BI Theory #5: What are databases?


Just a quick disclaimer – I don’t intend on getting too technical with databases. The target audience for this article is still your everyday office worker rather than a database administrator or IT professional.

What is a database?

A database stores and organizes digital information. The way data is organized within the database allows it to be specialized for different scenarios. This results in different types of databases.

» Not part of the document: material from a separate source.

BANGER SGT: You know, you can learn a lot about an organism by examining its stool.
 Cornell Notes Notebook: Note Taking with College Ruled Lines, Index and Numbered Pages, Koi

A transactional database is organized to be easily filled with data or have its data retrieved. Transactional databases are used as the backend for applications where the user is entering data into forms. Sometimes these databases are referred to as Online Transaction Processing Databases (OLTP databases).

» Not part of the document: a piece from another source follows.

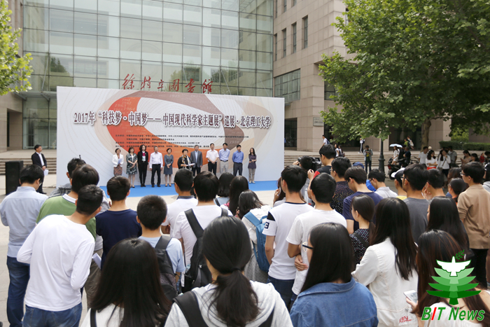 2017年5月8日上午,“科技夢·中國夢——中國現代科學家主題展”巡展(北京理工大學站)啟動儀式在北理工良鄉校區徐特立圖書館舉行。中國科協創新戰略研究院院長羅暉、北京市科協副巡視員兼科普部部長陳維成、北京理工大學紀委書記楊志宏、北京科技咨詢中心主任何素興出席了儀式,北京科技咨詢中心、學校辦公室、黨委宣傳部、良鄉校區管理處、校團委、??茖W技術協會、圖書館等相關單位負責人及師生代表近150人參加了啟動儀式并參觀展覽。儀式由陳維成主持。

An analytical database is organized to quickly provide answers to questions that require aggregation. Examples of queries sent to this type of database might be “Sales by Customer by Year and Month”. The database then quickly aggregates the sales amounts and then groups them by all combinations of Customer, Year, and Month. While great at handling these types of queries, this kind of database isn’t optimized for handling multiple small transactions (updates or insertions). Because of this, users generally do not enter data from an application straight into the database. Instead, an analytical database usually sources its data from a transactional database. Sometimes these databases are referred to as Online Analytical Processing Databases (OLAP databases).

Why learn about database types?

The point of this blog is to help you understand how business intelligence systems work and hopefully show you how to build your own to share with others. The most important skills required are how to create an analytical database, rather than a transactional one. However, because most analytical databases are fed from transactional databases, it’s also important to understand how a transactional database is organized, so for now let’s start with transactional databases.

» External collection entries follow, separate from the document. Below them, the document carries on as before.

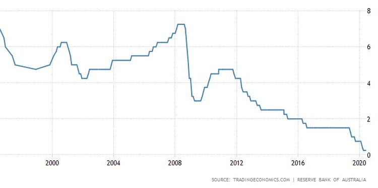 Η Reserve Bank of Australia άφησε το επιτόκιο μετρητών αμετάβλητο στο χαμηλό ρεκόρ του 0,25% κατά τη διάρκεια της συνεδρίασης του Ιουνίου, όπως ήταν ευρέως αναμενόμενο, με τα πρακτικά να καταγράφουν ότι η οικονομία διέρχεται μια πολύ δύσκολη περίοδο και βιώνει τη μεγαλύτερη οικονομική συρρίκνωση από τη δεκαετία του 1930.
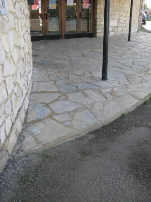 The church has ramp access at the front and the back of the building
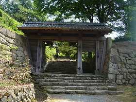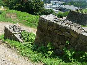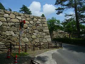 県立博物館の方から上がっていくと、唯一の現存建造物である城門が見えてくる。 | 御三階櫓のあった二の丸の石垣。高さ10m近い高石垣である。 |
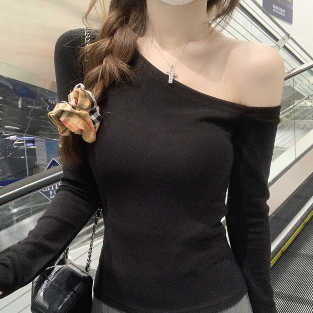 【台灣發貨】韓版氣質斜肩長袖上衣 長袖上衣 長袖t恤 衣服 女裝 上衣【W654】-圖片-1

What does a transactional database “look” like?

It’s essentially a collection of tables. Each column in the table corresponds to an attribute, and each row corresponds to a record. Records are things and attributes are information about the things. It’s a natural way of organizing information. For example, imagine you were recording a classroom’s attendance: you’d have one column for the names of students and another column for whether they were present, which could be noted as true/false values.

Another more standard example of recording transactions would be sales transactions.Silly Sally seems to be skipping school.

What is a sales transaction?

A sales transaction is a regularly occurring event that has many pre-defined attributes such as the customer, date, product, quantity, and price. If you were to start recording this information in a spreadsheet you’d set up a table that looks something like this:

The way this is organized is that each attribute goes into a column (or “field” as some call it), and each row then becomes a single transaction (apart from the top row, which contains headers).So far so good. John Doe bought 1 soccer ball on January 1st for $20.

As you have more sales transactions your table then gets taller and taller. Because each transaction will always share the same number of attributes, there is no need to change the number of columns unless you decide to collect new types of information.

It’s probably worth pointing out that I think all information should be collected this way. If you ever want to gather information from people on a regular basis, for the love of god please just use a table with columns as types of information and rows as records of information. Once you’ve collected your info you can then build a summary report on top of the data. Please don’t get people to enter data directly into things that look like reports.

OK enough of that, on to the next question.

Where do the customer details go?

In your sales transaction there are probably a lot of details about the customer that you want to record, do you just add another column for their address? And middle name? And phone number? And email? And credit card details… and on and on.

I think you see my point.

Very quickly you’ll start to get a large table with most of the columns just being exactly the same for each transaction. You want to record the customer’s phone number somewhere but do you really need to record their phone number every time they buy something? It’s not like they’ll change it very often.

So what should you do to record customer details then? Instead what you do is have a separate Customer table and then link that to your existing SalesTransactions table.

How do you link the two tables together?

It might seem like a trick question involving some outside system or special technology for linking tables, but in reality all you have to do to link your customers to their transactions is to reference the Customer in the SalesTransactions table by adding a column for the customer ID.

Why a customer ID (also sometimes called a key) instead of the customer name? The answer is simple, what if you have two John Smith’s? How will you know which John Smith is the one who made the transaction?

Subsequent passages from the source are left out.